··· Listed entries ···
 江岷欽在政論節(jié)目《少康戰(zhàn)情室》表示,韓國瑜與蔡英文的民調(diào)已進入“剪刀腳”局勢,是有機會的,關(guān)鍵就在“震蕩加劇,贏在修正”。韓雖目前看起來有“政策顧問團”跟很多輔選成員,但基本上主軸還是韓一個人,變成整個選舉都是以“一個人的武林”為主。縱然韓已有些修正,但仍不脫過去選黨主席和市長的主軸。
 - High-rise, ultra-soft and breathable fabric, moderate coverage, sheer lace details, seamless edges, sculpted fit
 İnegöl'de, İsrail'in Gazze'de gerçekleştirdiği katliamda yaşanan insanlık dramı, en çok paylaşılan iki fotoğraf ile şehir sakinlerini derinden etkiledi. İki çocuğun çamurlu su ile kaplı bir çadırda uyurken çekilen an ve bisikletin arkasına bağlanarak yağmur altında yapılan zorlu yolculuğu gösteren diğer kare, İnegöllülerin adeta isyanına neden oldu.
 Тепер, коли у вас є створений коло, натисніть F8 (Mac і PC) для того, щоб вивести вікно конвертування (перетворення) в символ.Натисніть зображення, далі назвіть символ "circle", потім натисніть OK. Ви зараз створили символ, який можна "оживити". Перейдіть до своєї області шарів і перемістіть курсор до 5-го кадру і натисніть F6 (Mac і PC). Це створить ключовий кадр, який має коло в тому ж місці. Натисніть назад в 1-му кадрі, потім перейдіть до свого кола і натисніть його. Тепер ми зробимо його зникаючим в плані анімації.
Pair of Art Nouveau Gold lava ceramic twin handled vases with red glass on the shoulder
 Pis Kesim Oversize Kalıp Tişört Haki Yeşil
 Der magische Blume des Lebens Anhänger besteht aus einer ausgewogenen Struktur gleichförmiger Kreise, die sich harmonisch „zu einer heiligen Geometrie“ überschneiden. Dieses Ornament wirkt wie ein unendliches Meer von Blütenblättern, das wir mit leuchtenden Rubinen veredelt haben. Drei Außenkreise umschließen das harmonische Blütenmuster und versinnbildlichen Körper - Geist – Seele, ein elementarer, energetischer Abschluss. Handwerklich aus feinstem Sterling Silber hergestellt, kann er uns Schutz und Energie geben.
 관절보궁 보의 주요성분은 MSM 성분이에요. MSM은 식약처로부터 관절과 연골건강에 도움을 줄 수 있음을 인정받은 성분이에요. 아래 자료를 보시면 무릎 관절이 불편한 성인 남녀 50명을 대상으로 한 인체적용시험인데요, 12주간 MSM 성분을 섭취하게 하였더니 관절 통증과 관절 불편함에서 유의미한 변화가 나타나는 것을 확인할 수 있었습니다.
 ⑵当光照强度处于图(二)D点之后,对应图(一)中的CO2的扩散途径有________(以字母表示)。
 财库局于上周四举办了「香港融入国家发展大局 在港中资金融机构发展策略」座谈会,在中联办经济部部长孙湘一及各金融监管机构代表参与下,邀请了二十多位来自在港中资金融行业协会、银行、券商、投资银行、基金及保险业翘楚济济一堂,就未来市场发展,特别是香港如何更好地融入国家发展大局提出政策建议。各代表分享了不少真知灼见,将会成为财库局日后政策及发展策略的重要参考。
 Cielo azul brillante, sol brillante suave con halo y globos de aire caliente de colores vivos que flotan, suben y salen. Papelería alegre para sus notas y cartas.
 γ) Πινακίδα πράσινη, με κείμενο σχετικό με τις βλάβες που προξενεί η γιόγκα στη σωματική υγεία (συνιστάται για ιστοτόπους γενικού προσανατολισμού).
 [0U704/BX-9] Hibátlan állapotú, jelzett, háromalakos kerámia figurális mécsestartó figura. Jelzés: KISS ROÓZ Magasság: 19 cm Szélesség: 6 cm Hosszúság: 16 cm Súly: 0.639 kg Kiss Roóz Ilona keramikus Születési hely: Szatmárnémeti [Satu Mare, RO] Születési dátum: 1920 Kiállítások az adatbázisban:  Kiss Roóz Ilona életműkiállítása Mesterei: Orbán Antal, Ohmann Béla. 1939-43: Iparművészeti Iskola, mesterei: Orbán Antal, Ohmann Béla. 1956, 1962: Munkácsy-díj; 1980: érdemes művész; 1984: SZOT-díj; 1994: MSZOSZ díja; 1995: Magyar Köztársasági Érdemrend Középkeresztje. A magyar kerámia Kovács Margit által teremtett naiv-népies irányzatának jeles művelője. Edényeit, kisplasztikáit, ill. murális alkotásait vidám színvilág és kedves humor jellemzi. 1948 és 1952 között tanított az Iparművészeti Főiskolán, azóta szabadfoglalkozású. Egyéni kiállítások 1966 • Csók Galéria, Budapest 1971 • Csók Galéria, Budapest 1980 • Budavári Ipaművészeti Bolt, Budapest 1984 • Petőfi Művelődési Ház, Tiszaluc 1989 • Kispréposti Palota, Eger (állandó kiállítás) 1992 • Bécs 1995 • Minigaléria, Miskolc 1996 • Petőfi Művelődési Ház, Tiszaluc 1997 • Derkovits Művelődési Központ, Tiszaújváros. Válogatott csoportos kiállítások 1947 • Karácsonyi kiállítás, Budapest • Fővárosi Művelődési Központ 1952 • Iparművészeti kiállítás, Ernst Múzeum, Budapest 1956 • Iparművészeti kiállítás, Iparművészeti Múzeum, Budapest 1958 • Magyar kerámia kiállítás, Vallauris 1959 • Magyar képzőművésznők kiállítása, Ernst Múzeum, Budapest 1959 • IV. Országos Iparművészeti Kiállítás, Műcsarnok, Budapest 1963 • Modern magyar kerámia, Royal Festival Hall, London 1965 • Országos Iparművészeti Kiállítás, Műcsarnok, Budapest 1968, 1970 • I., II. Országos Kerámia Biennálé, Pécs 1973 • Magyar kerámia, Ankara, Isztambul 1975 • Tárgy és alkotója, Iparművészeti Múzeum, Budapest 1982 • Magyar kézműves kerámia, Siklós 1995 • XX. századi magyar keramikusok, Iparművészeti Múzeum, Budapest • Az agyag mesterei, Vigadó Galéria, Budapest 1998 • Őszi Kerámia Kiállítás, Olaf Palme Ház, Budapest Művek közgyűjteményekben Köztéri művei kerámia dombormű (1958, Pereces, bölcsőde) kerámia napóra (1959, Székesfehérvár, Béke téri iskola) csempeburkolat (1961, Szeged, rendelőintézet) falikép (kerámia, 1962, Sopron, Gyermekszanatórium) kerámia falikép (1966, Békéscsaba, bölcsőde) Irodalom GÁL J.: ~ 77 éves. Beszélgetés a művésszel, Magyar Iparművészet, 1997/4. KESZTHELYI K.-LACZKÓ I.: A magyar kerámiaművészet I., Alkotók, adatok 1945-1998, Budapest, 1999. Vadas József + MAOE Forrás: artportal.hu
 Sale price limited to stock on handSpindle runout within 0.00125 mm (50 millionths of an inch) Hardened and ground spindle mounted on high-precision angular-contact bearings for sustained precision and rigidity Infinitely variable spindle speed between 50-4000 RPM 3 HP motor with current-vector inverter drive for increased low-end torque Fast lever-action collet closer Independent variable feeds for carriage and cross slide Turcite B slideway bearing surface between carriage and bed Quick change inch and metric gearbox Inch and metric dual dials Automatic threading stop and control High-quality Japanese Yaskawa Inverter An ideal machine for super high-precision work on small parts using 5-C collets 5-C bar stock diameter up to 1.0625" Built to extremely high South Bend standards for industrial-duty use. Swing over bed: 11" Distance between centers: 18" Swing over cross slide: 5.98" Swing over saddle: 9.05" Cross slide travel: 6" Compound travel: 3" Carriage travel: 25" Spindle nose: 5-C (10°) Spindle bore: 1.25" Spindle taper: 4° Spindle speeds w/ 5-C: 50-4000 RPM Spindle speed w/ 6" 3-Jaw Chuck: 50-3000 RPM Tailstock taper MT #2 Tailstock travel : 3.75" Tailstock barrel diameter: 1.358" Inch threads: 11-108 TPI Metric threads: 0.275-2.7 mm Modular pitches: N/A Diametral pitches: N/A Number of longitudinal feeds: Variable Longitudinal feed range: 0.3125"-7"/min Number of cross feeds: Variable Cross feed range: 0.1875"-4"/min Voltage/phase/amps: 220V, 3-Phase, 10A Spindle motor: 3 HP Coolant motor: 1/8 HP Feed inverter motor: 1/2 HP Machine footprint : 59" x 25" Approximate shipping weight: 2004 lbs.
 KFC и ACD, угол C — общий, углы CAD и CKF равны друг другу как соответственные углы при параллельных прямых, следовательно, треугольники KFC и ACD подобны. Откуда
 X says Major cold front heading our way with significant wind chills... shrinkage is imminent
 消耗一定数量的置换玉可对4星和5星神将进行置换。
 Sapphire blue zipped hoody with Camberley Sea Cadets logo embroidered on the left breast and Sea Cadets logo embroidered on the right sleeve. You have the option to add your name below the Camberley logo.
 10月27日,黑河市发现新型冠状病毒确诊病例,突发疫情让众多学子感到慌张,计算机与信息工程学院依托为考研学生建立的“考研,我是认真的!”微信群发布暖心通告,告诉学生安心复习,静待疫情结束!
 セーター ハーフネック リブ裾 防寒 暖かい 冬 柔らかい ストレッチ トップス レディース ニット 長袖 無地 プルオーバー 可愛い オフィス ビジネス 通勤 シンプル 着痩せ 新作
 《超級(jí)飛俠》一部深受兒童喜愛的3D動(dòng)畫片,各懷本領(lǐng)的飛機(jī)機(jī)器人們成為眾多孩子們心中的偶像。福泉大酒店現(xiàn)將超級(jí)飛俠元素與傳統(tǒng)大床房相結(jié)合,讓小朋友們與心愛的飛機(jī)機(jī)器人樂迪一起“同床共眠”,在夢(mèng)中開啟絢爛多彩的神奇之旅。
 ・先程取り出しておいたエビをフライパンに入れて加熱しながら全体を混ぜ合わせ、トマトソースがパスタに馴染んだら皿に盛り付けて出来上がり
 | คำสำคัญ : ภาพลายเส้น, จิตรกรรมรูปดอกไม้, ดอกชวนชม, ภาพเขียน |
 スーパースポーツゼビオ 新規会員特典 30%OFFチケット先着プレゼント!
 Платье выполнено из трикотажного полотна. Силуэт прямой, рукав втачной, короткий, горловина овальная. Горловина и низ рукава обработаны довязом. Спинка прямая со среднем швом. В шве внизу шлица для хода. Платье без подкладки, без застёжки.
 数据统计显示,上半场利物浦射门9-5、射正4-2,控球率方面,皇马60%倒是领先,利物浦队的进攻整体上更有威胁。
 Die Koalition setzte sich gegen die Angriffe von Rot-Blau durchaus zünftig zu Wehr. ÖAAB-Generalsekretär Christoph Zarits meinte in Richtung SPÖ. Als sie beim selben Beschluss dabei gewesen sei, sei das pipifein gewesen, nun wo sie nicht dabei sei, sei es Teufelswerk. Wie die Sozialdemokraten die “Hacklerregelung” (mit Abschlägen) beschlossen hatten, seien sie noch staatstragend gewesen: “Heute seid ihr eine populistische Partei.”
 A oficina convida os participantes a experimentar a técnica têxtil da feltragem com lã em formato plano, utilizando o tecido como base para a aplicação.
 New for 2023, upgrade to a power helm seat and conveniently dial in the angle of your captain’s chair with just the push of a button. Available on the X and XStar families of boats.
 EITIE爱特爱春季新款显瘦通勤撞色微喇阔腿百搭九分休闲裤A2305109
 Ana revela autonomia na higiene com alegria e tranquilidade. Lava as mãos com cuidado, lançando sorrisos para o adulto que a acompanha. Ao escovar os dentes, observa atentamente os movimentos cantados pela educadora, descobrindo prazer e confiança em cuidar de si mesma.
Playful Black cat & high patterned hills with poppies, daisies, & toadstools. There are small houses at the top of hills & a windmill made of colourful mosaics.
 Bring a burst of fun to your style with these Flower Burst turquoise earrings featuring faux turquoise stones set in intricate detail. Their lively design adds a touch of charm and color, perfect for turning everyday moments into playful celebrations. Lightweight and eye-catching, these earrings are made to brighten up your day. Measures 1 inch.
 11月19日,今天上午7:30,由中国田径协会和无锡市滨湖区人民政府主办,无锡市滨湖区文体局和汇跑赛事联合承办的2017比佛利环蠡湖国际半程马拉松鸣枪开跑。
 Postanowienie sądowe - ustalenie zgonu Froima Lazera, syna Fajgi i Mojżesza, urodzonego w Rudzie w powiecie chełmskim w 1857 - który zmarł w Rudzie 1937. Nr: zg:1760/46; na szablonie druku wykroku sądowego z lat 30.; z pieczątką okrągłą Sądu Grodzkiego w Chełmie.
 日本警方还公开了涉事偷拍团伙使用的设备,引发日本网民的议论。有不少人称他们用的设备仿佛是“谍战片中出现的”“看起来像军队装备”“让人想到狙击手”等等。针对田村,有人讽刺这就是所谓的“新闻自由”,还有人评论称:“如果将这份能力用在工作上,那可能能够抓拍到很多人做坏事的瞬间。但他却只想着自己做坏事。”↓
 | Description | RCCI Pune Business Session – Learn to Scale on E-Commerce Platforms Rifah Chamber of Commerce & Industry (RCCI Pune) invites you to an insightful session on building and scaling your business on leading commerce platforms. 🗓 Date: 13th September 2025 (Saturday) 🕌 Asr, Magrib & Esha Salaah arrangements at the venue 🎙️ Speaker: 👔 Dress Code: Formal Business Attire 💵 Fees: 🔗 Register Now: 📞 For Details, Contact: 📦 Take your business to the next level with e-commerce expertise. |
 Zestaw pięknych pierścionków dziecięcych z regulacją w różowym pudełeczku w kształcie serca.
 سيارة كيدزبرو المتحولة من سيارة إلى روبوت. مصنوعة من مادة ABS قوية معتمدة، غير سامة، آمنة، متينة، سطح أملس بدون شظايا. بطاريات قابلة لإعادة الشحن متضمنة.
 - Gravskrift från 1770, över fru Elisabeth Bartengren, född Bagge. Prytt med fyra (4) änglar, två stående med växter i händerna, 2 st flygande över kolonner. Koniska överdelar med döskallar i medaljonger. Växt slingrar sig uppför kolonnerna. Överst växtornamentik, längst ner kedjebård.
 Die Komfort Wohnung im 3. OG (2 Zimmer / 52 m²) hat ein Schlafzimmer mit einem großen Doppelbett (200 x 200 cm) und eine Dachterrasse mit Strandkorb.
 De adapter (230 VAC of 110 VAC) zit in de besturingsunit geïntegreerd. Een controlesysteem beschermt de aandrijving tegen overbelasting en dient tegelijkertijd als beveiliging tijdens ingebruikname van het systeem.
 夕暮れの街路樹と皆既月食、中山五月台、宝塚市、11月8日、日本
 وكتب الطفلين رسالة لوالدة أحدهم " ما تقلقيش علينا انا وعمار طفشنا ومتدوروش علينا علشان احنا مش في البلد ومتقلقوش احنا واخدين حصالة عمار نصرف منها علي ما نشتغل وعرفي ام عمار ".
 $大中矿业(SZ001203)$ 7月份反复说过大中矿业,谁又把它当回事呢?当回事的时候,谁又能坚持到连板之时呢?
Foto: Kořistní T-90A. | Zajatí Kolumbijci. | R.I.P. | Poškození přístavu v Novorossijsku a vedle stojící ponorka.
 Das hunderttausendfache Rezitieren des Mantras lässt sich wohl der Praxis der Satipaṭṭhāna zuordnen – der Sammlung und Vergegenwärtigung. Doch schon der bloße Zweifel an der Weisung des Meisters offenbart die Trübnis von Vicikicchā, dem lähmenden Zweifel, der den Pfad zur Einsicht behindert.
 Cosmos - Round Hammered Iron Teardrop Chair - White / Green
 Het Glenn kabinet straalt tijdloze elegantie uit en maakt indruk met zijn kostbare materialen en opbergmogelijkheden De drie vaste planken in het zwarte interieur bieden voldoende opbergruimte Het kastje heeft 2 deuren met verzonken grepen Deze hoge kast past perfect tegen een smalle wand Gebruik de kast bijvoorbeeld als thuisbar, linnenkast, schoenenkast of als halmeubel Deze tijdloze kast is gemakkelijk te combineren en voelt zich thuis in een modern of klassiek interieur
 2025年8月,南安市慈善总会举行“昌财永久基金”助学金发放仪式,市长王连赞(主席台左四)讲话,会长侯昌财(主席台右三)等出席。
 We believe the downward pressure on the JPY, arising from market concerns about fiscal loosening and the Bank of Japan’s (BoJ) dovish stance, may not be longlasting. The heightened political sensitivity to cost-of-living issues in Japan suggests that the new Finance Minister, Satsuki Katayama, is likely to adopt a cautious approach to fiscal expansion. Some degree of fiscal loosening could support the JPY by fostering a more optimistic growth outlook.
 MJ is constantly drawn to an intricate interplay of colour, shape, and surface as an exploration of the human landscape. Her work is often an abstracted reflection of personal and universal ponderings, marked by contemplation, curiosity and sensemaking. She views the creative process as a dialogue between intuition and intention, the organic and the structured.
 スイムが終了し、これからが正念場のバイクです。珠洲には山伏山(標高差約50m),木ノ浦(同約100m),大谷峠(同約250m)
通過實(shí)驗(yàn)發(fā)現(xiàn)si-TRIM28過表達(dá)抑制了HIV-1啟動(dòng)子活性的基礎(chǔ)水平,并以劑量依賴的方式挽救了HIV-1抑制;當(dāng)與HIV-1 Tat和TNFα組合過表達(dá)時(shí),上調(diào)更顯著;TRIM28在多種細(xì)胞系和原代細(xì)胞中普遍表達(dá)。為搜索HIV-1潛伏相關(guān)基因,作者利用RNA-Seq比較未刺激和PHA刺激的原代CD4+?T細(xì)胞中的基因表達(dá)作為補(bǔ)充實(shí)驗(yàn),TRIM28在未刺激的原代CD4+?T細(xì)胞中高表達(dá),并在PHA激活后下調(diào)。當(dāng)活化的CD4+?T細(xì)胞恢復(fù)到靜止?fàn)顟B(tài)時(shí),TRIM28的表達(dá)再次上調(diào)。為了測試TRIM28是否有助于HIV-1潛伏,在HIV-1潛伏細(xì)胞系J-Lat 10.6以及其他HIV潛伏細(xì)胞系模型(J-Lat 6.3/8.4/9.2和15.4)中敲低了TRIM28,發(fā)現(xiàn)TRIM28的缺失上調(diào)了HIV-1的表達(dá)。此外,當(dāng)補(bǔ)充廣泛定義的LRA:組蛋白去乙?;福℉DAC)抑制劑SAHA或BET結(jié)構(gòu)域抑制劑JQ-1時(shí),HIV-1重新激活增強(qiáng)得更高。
···
▸ How to complete this task: From the data above, copy out every line with the string "para" in it.

▸ Solution for this exercise:
 Cielo azul brillante, sol brillante suave con halo y globos de aire caliente de colores vivos que flotan, suben y salen. Papelería alegre para sus notas y cartas.
 A oficina convida os participantes a experimentar a técnica têxtil da feltragem com lã em formato plano, utilizando o tecido como base para a aplicação.
 Ana revela autonomia na higiene com alegria e tranquilidade. Lava as mãos com cuidado, lançando sorrisos para o adulto que a acompanha. Ao escovar os dentes, observa atentamente os movimentos cantados pela educadora, descobrindo prazer e confiança em cuidar de si mesma.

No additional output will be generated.